Takeem Secures NAR Funding to Revolutionise GCC Rental Market with Smart Tech

4 min
UAE proptech Takeem secured backing from NAR’s REACH Middle East programme.
Over 55,000 units onboarded, worth more than AED 5 billion annually.
Its “risk intelligence” and rental guarantees aim to replace “trust, paperwork, and hope”.
Investors praise its GCC-focused model rather than imported Silicon Valley templates.
Award wins and B2C expansion plans signal ambitions to reshape regional rental markets.
There is something about the rental market in our region that always felt… a bit stuck in time. Paperwork, post-dated cheques, endless back and forth. So when I see a startup trying to untangle that knot, I pay attention. And this week, UAE-based proptech Takeem gave the ecosystem another reason to look its way.
Takeem has secured backing from REACH Middle East, part of the global REACH scale-up programme created by Second Century Ventures, the strategic investment arm of the US National Association of Realtors (NAR). For context, NAR is widely seen as one of the most active and sizeable venture investors in real estate technology worldwide. In simple words, this is not small-league support.
The investment comes through REACH Middle East, which focuses on high-growth tech companies shaping the future of real estate.
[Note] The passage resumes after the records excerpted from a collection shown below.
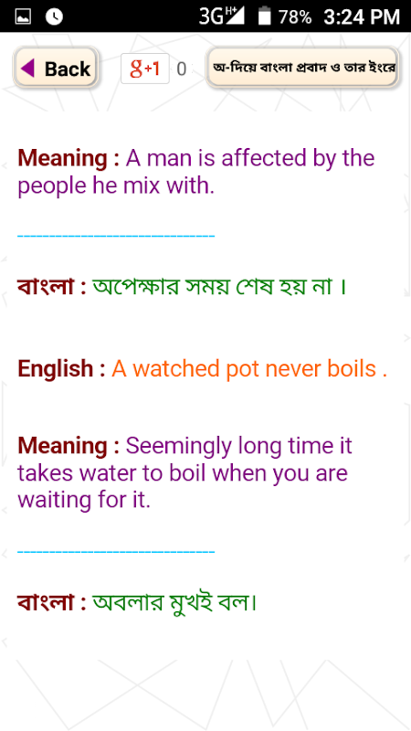 This app provides best collection of favorite and regularly saying proverbs for English and Bengali speakers (proverb in english to bangle, proverbs in English). One can enhance the skill of speaking by uttering these proverbs (proverbs in english to bengali, probad bakko বা প্রবাদ বাক্য). By saying proverbs (english probed), anyone can easily attract the attention of others.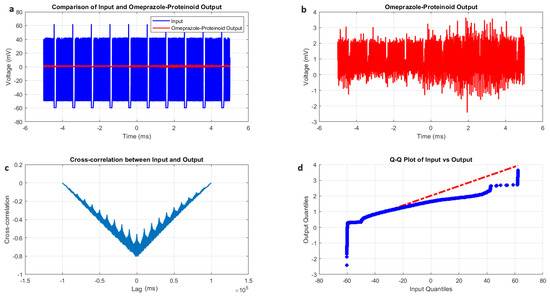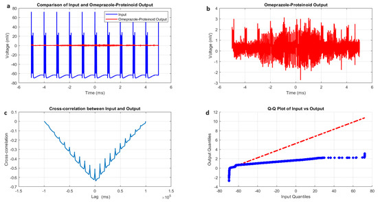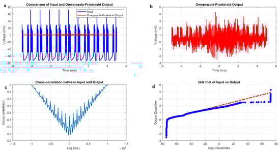 Characterisation of phasic spiking dynamics in omeprazole–proteinoid complexes. (a) Input–output comparison: Input signal (mean: mV, SD: 8.23 mV) and omeprazole–proteinoid output (mean: 0.54 mV, SD: 0.33 mV). Correlation coefficient: 0.4503, RMSE: 55.9366 mV. (b) Detailed output plot illustrating the response characteristics of the omeprazole–proteinoid complex (range: mV to 3.17 mV). (c) Cross-correlation analysis revealing a time lag of ms between input and output signals. Maximum difference: 67.00 mV at 2.00 ms. (d) Q-Q plot comparing input and output distributions (Kolmogorov–Smirnov test: KS statistic = 0.9945, p < 0.0001), demonstrating significantly different signal distributions and non-linear response properties.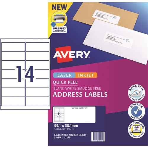 Avery L7163-20 99.1X38.1mm 14 P/Page Laser Address Labels 524470 In Stock Low Stock Low Stock Please See Attributes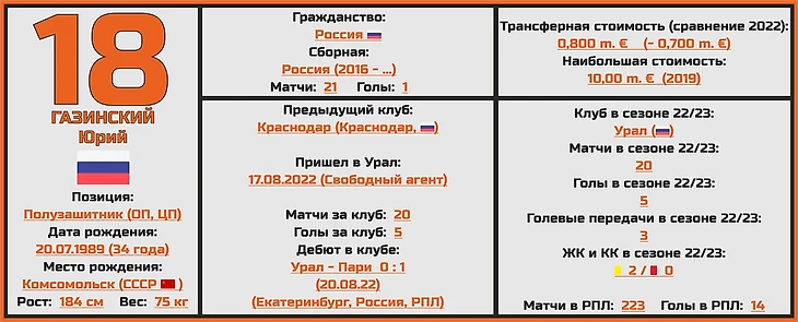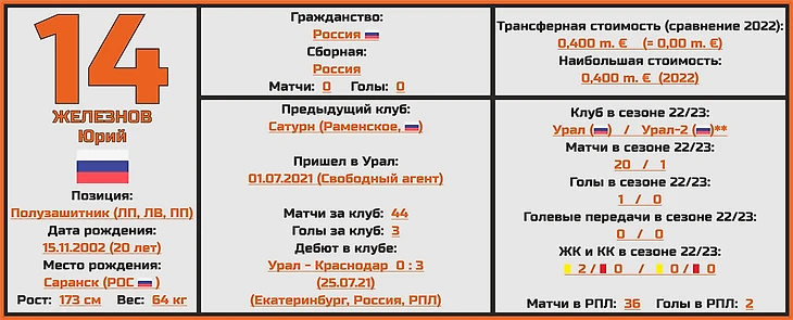 Несмотря на то, что Юрию Железнову только 20 лет, он уже является неотъемлемой частью основного состава уральского клуба, причем с каждым сезоном он получает все больше игрового времени на поле, и очень многие ждут, что именно текущий розыгрыш РПЛ станет прорывным для талантливого полузащитника.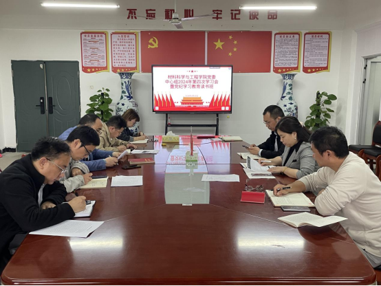 4月30日下午,材料科学与工程学院党委理论学习中心组在1401会议室举行2024年第四次集中学习暨党纪学习教育读书班,党委书记刘赢时主持会议,党委理论学习中心组成员参加。

Takeem now joins a portfolio aimed at building what many call the next generation of property infrastructure – and that is a big statement, even by startup standards.
In less than a year, the company has onboarded more than 55,000 residential units onto its platform. These represent over AED 5 billion in annual rental value. Those figures, frankly, are hard to ignore. They point to strong institutional uptake, not just early-stage hype. Now, Takeem is preparing to move more decisively into the B2C space, targeting smaller landlords and tenants directly.
At its core, Takeem is tackling issues that anyone who has rented in the region will recognise: limited transparency around risk, clunky processes, and liquidity constraints that can make renting feel like a gamble. Its proprietary risk intelligence engine and rental guarantee model aim to reduce landlords’ exposure while increasing yields and opening access to tenants. The idea is to bring more predictability into what is, for many, their largest yearly financial commitment.
Rakesh Mavath, Co-founder and CEO of Takeem, has previously described renting as a system still built on “trust, paperwork, and hope.” He said the company’s goal is to make rent more predictable and measurable for landlords, tenants, and institutions, and that backing from NAR REACH MENA and Second Century Ventures helps accelerate the rollout of what he sees as a new operating standard for rental markets.
From the investor side, Dave Garland, Managing Partner at Second Century Ventures, noted that REACH backs companies building critical infrastructure for tomorrow’s real estate landscape. He pointed to Takeem’s rental guarantees and risk intelligence model as addressing a global challenge with a scalable and capital-efficient approach. Siddiq Farid, Managing Director at REACH Middle East, also highlighted that what stood out was Takeem’s understanding of how rental risk behaves specifically in the GCC, rather than simply importing models from other markets.
That local-first angle matters. Too often we see solutions copied and pasted from Silicon Valley and then wonder why they don’t quite fit. I reckon startups that are purpose-built for the GCC, with the ambition to scale globally later, have a better shot at being spot on.
Takeem’s momentum has also been visible on the awards circuit. In April 2024, it won Most Advanced App at the Create Apps Award under the patronage of HH Sheikh Hamdan and supported by the Dubai Chamber of Digital Economy. In 2025, it was named Startup of the Year at the Tech Innovation Awards in September, Runner Up PropTech of the Year at the Property Finder Awards in November, and PropTech of the Year at the World Reality Congress in December. A crowded trophy shelf for a young company.
With measurable growth, large-scale portfolio onboarding, and now support from one of the world’s most influential real estate investment arms, Takeem is positioning itself as a serious player in rental infrastructure. On the flip side, scaling from institutional portfolios into the consumer market is no walk in the park. It can be a bit of a faff operationally. But if the company manages to translate trust at the top into trust on the ground, it could reshape how rent is managed across the region.
At Arageek, we are always keen to see startups move from promise to impact. And believe it or not, rental tech is not the most glamorous headline-grabber. Yet it touches millions of lives every single year. If Takeem can bring more clarity, liquidity, and discipline into the system, that would be a definatley welcome shift for landlords and tenants alike.